We consider the problem of sampling from a target distribution $\pi_\beta$ on $\mathbb{R}^d$ with density proportional to $\theta\mapsto e^{-\beta U(\theta)}$ using explicit numerical schemes based on discretising the Langevin stochastic differential equation (SDE). In recent literature, taming has been proposed and studied as a method for ensuring stability of Langevin-based numerical schemes in the case of super-linearly growing drift coefficients for the Langevin SDE. In particular, the Tamed Unadjusted Langevin Algorithm (TULA) was proposed in recent literature to sample from target distributions with the gradient of the potential $U$ being super-linear.
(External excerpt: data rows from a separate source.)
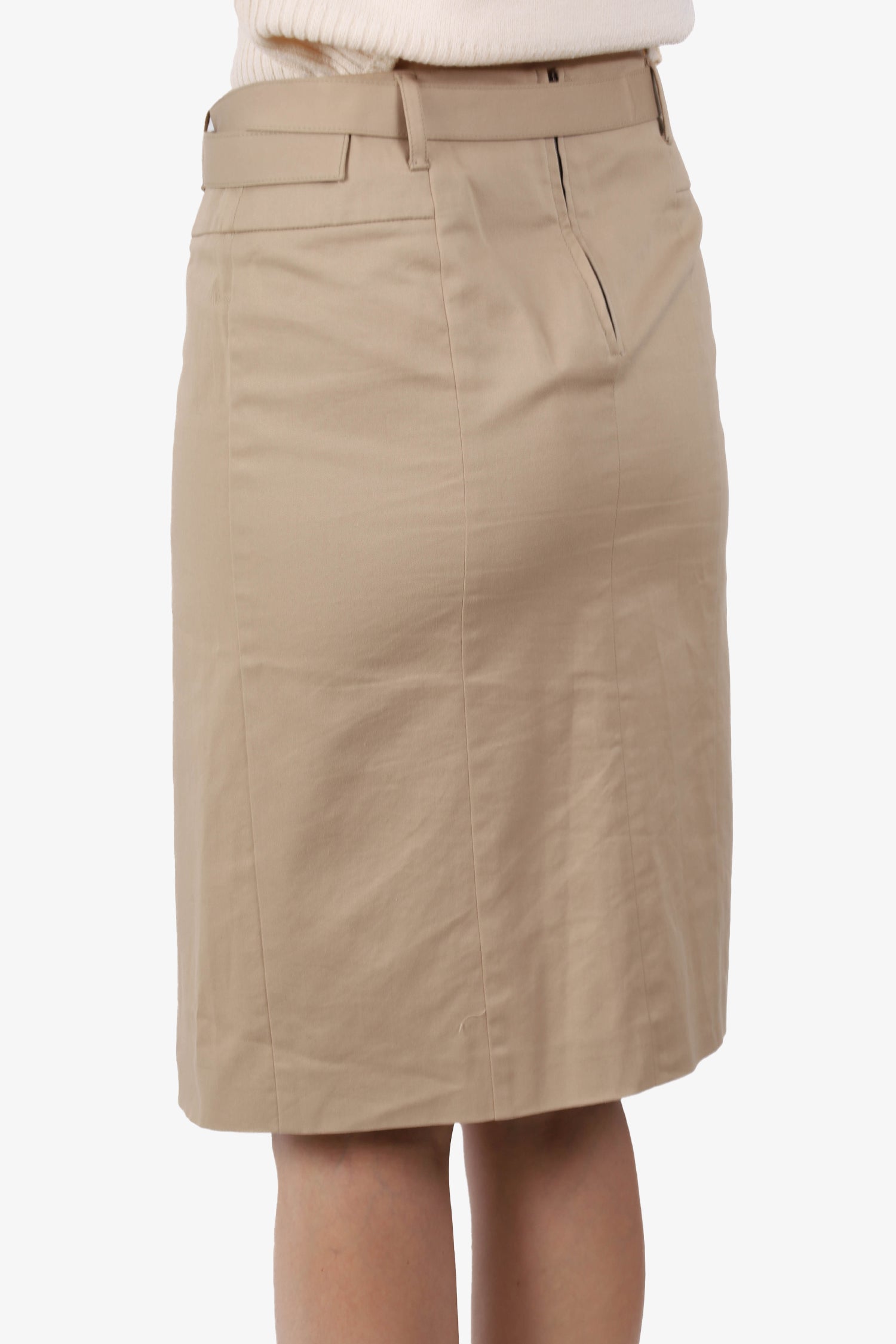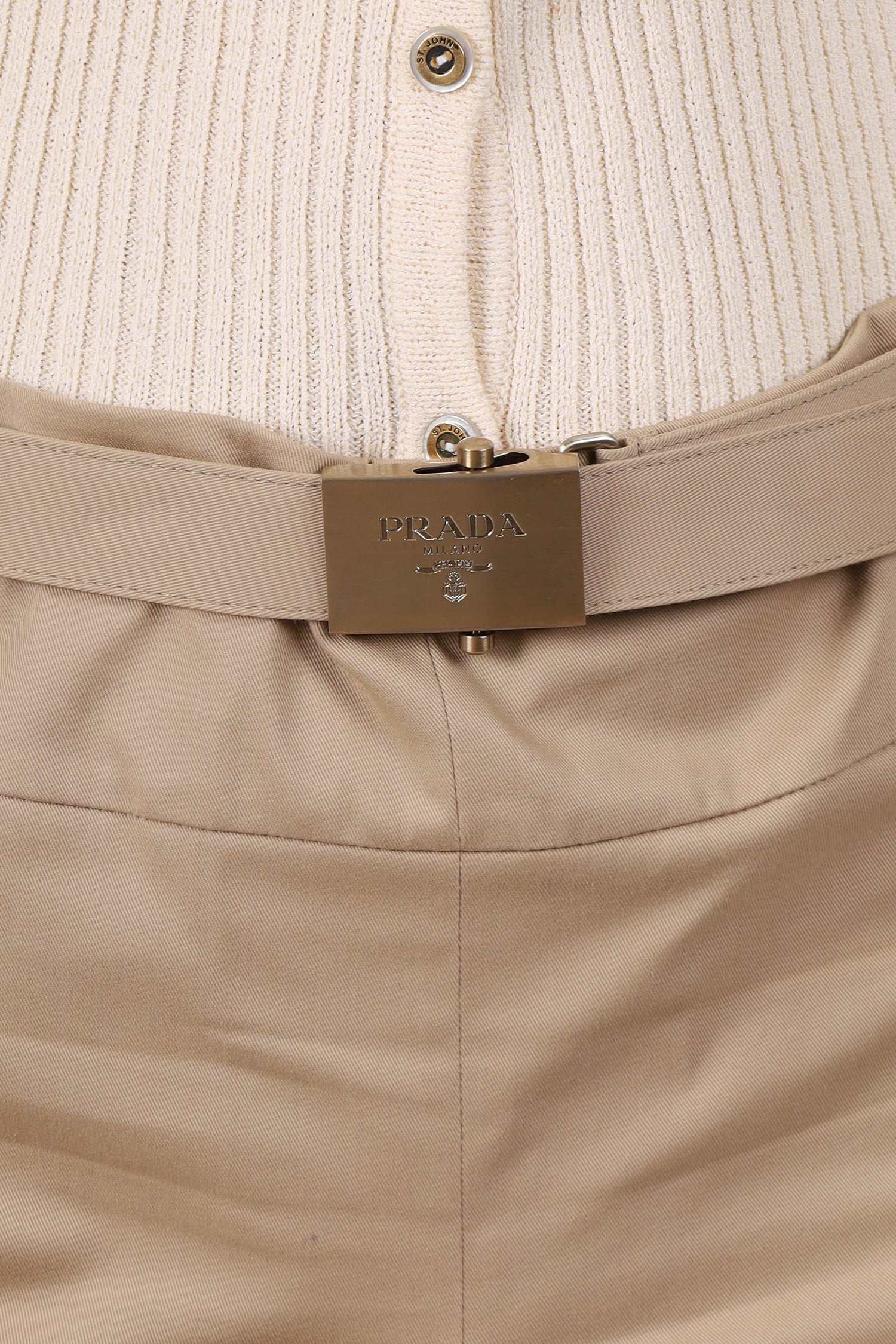 Refresh availabilityPrada Khaki Cotton Belted Midi Skirt. Back zipper closure. Belted waist with buckle closure. Gold-toned hardware. Tonal stitching.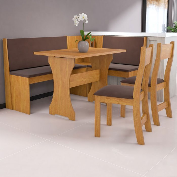 Canto Alemão Romeo 6 Lugares Mel/Fume - Viero Móveis Marrom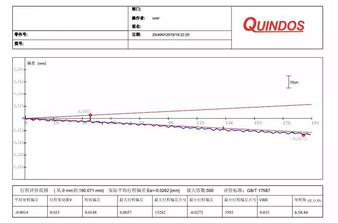 提供圖形化的檢測報告,包括行程偏差圖、行程形狀圖、波紋度圖形報告等。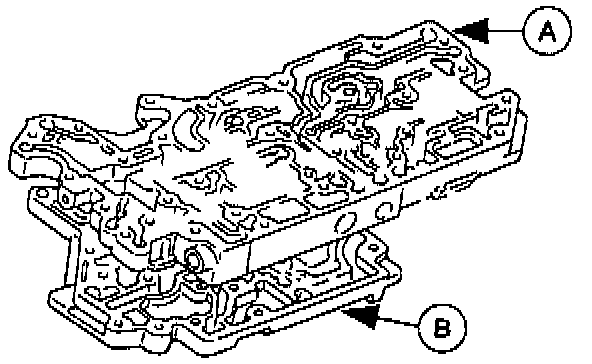 4. Install the (A) premain control valve body onto the (B) lower valve body.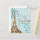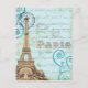 A vintage sepia image of the Eiffel Tower from the Paris expostion in the 1800s appears with a vintage Paris handwritten address and postmarks and text from Victor Hugo's Notre Dame du Paris on a background with faint branches and leaves in aqua. Matching items and many other vintage Paris designs are available in my Zazzle store.

However, theoretical guarantees in Wasserstein distances for Langevin-based algorithms have traditionally been derived assuming strong convexity of the potential $U$. In this paper, we propose a novel taming factor and derive, under a non-convex setting, non-asymptotic theoretical bounds in Wasserstein-1 and Wasserstein-2 distances between the law of our algorithm, which we name the modified Tamed Unadjusted Langevin Algorithm (mTULA), and the target distribution $\pi_\beta$. We obtain resepctive rates of convergence $\mathcal{O}(\lambda)$ and $\mathcal{O}(\lambda^{1/2})$ in Wasserstein-1 and Wasserstein-2 distances for the discretisation error of mTULA in step size $\lambda$. Numerical simulations which support our theoretical findings are presented.